I’ve been meaning to re-ignite this site for months and months and it’s slightly surprising to me that the film that has finally motivated me to do so isn’t a low-budget Scandinavian arthouse film but in fact Top Gun: Maverick.
I was anxious about a sequel to one of my favourite films of all time. I know the original is flawed but it’s an eighties classic and I have great memories of watching it with friends on mornings after big nights out, all lying around eating bacon sandwiches, drinking pints of diet coke and yelling “I feel the need, the need for speed!” in unison. So when I heard Tom Cruise was making a sequel, I felt sure it would be a cringeworthy disaster. I was very wrong (this doesn’t happen often, mark the date in your diaries).
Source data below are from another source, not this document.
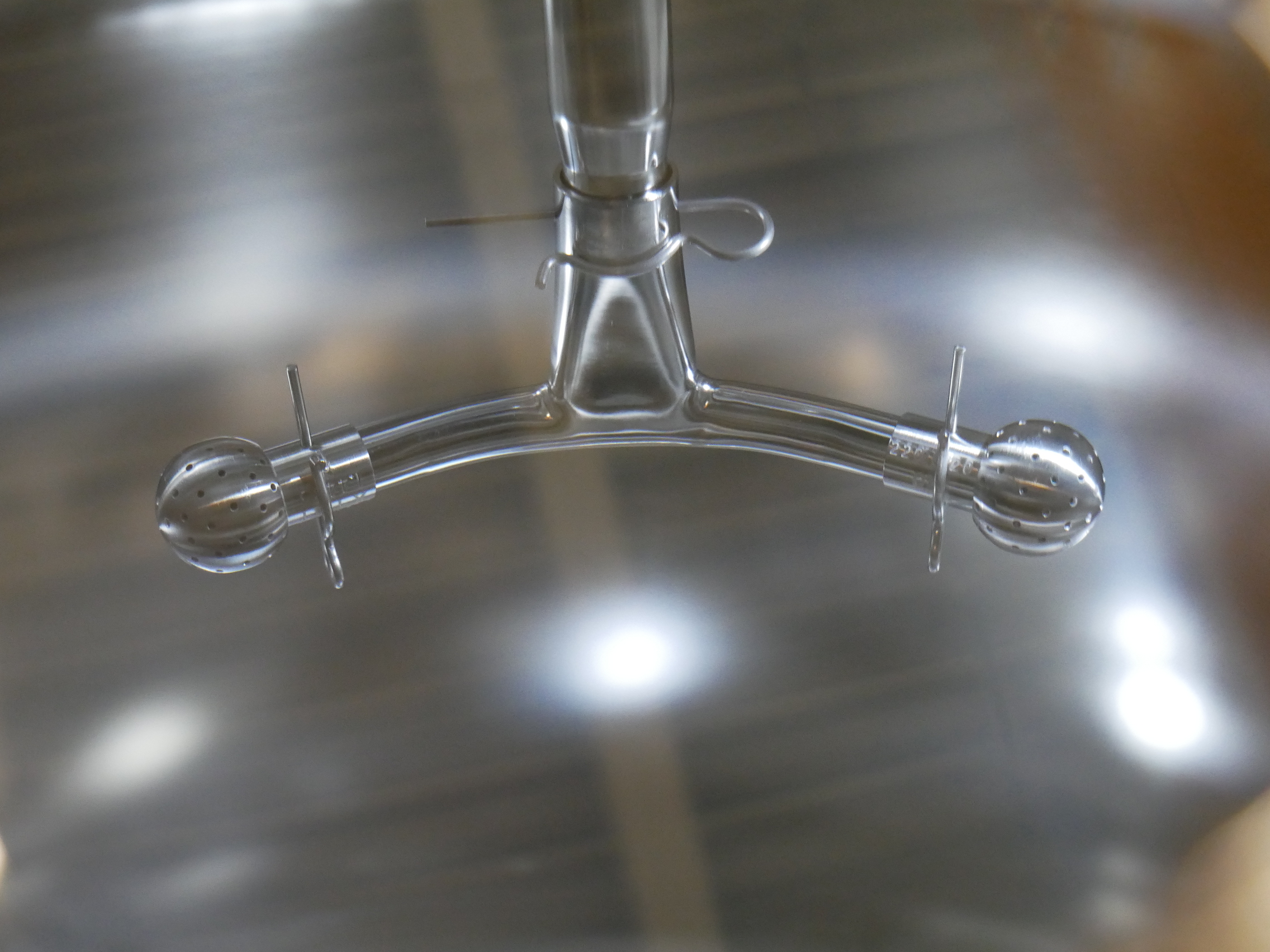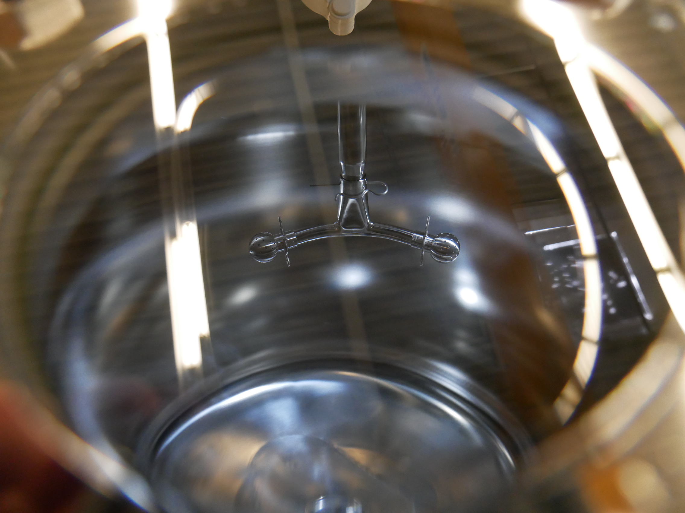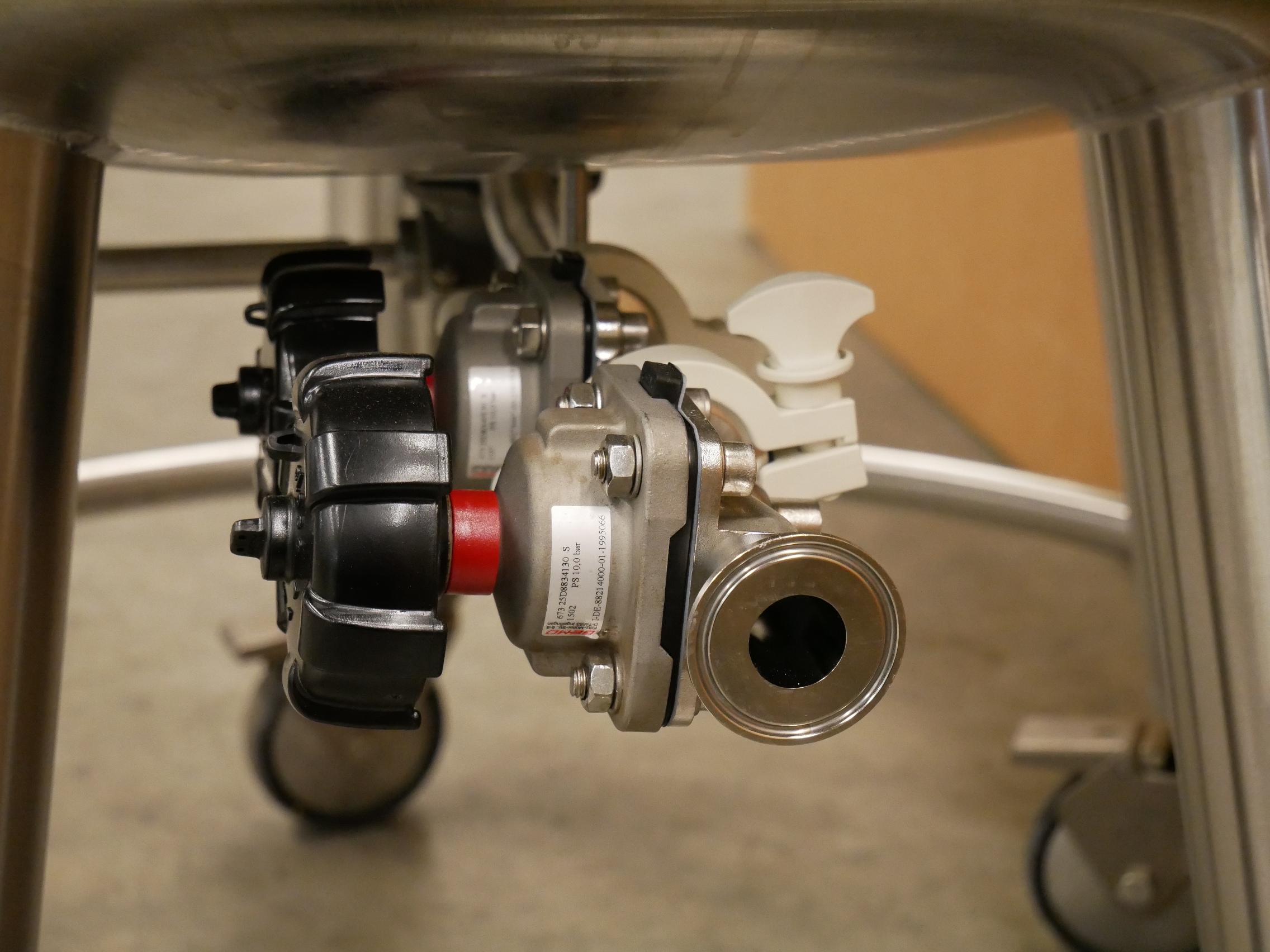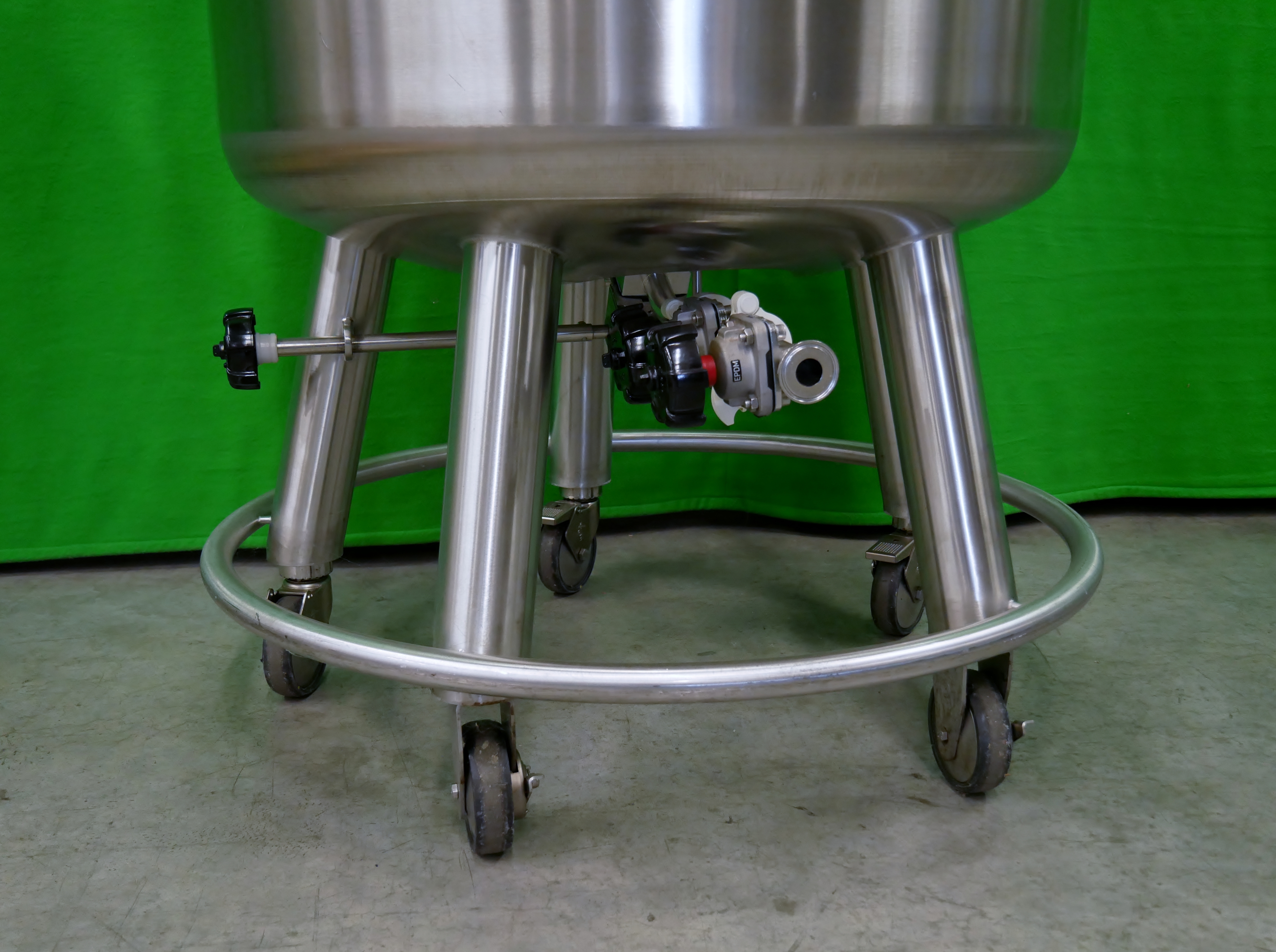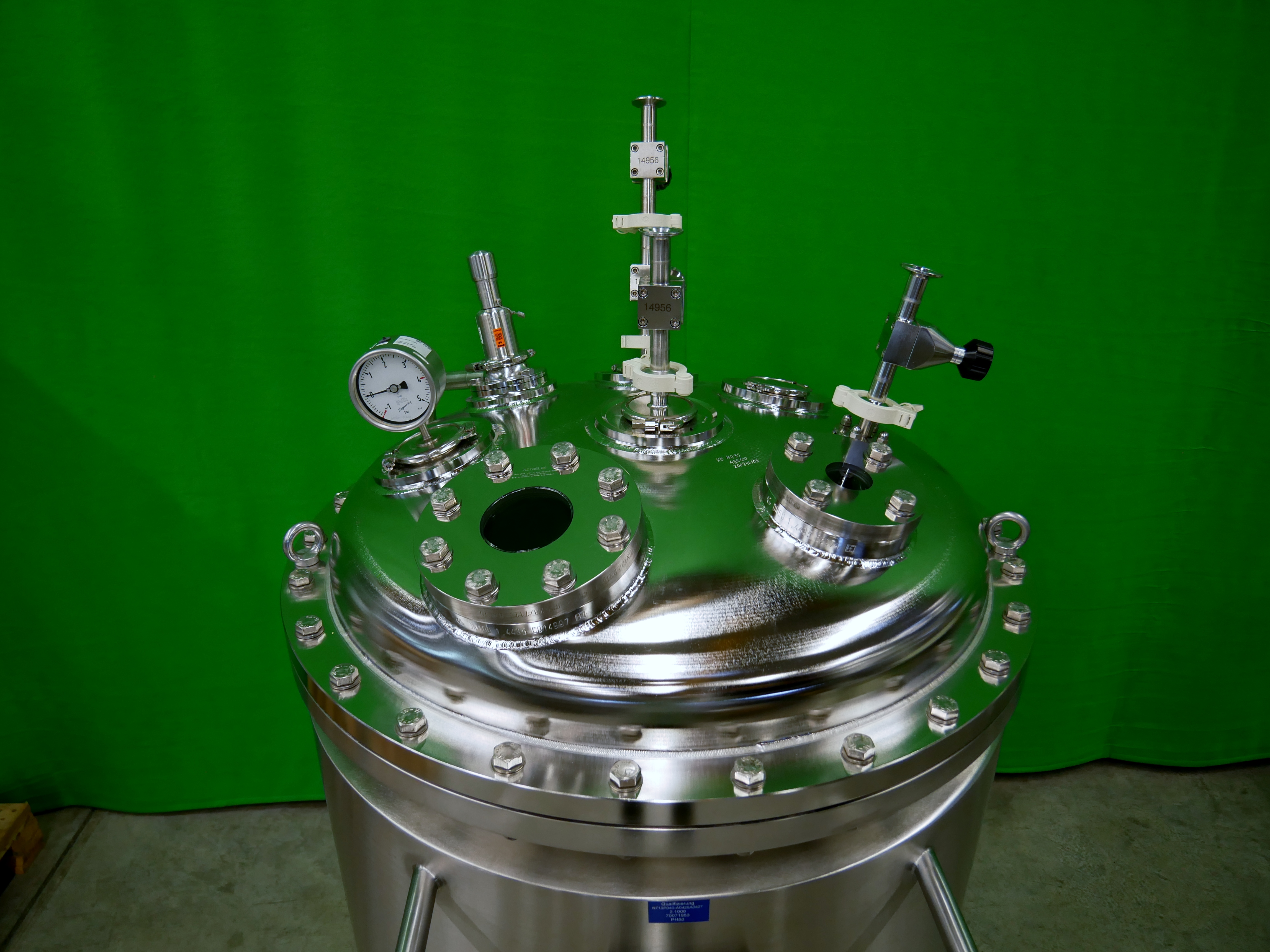 Binder Contenedor móvil de acero inoxidable con camisa de aislamiento, con capacidad de 335 l, presión permitida de funcionamiento dentro del recipiente -1/4 bar, temperatura permitida de funcionamiento máx. 150 ºC, presión de prueba 7,1 bar, 2 mirillas colocadas en la tapa del contenedor (con los diámetros de 50 y 90 mm), incluye manómetro de presión y diferentes conexiones en tapa para entrada de producto, ventilación y purga, para reserva y para el sistema CIP con bolas de pulverización con área de pulverización de 360º, salida inferior, diámetro interior del contenedor de aprox. 800mm, diámetro exterior de aprox. 900mm, altura total del contenedor de aprox. 1800mm, peso neto de aprox. 310 kg, montado sobre ruedas (8 unidades disponibles)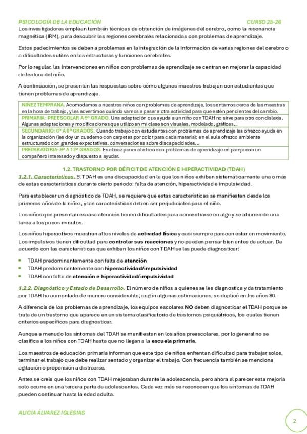 Apuntes del tema 2 de Psicología de la Educación con el libro actualizado 2026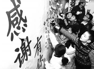 12月5日是“国际志愿者日”,合肥市芜湖路街道南园社区“四点半课堂”的小朋友们为前来支教的中科大芳草社志愿者送上爱心祝福,感谢志愿者多年来的义务支教活动。 新华社记者 刘军喜摄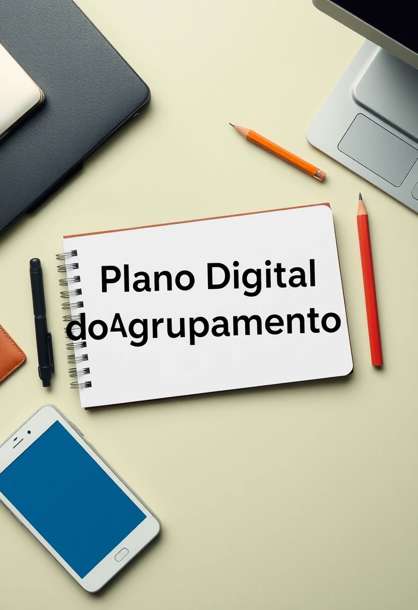 Ultrarealistic poster featuring a notebook, pencil, computer, cell phone and tablet as a background. in the center the text appears: "Plano Digital do Agrupamento"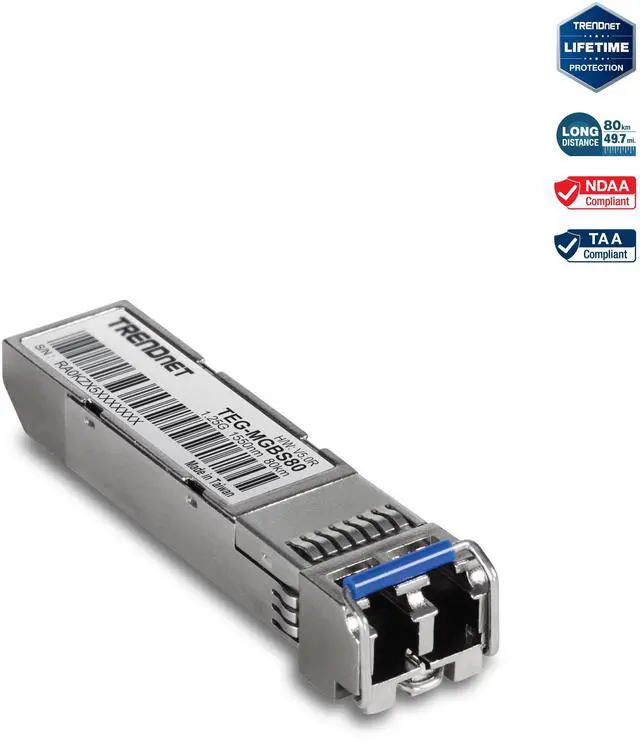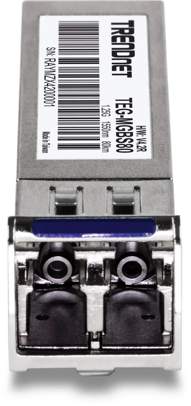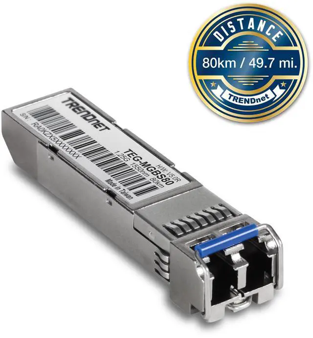 TRENDnet SFP to RJ45 Mini-GBIC Single-Mode LC Module, TEG-MGBS80, Mini-GBIC Module for Single Mode Fiber, LC Connector Type, Up to 80 Km (49.7 Miles), 1.25Gbps Gigabit Ethernet, Lifetime Protection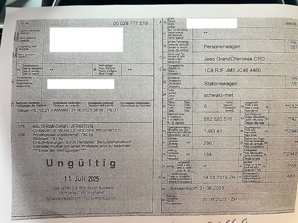 Keine technische Prüfung (Werkstatttest) vorgenommenDiverse Schäden an Karosserie/Lack.Fahrzeug ab Platz, ohne Garantie und Aufbereitung.DPF/FAP Filter nicht kontrolliertKeine Gewähr auf die Angaben der Sonder- und Serienausstattung / keine mechanische Prüfung. Fahrzeug wurde unzerlegt expertisiert / keine Haftung für allfällige, nach Demontage bekanntwerdenden Mängel. Fahrzeugbereifung und Ausstattung gemäss Fotos / Fahrzeugkauf auf eigenes Risiko ab Platz ohne Nachwährschaft.- Div. Kratzer und Dellen am gesamten Fahrzeug.- Div. Kratzer an allen vier Felgen.- Div. Kratzer- Motorhaube bei Scheinwerfer etwas eingedrückt- Motorlampe leuchtet- Letzter Service am 19.03.2025 bei 75'325 km

Top Gun: Maverick is a modern classic. I’ve read some reviews saying it’s better than the original, and my nostalgia tells me that’s not true but as a piece of filmmaking it is certainly slicker, less clunky dialogue-wise and (marginally) less problematic when it comes to its depiction of women. I hear from various ‘young people’ that the action scenes in Top Gun are “slow”, “boring” and even “pathetic” but Cruise’s insistence that all the cast took part in an aviator bootcamp this time around seems to have paid off because the action is truly gripping and absurdly exciting.
It is incredibly unsubtle (at one point Maverick quite literally throws the rulebook in the bin) but, let’s be honest, we’re not here for subtlety and you’ll be punching the air and/or welling up even as you see every plot twist coming and recognise every moment of emotional manipulation. The way it mirrors and links to Top Gun could be seen as lazy filmmaking if done badly, but it digs into a deep-felt nostalgia for us eighties kids, and in one particular instance is extremely moving.
As always, Tom Cruise acts as if his life depends upon it - you can see every brain cell and muscle working - and yet somehow it works. He *is* Maverick and his charisma is bulletproof.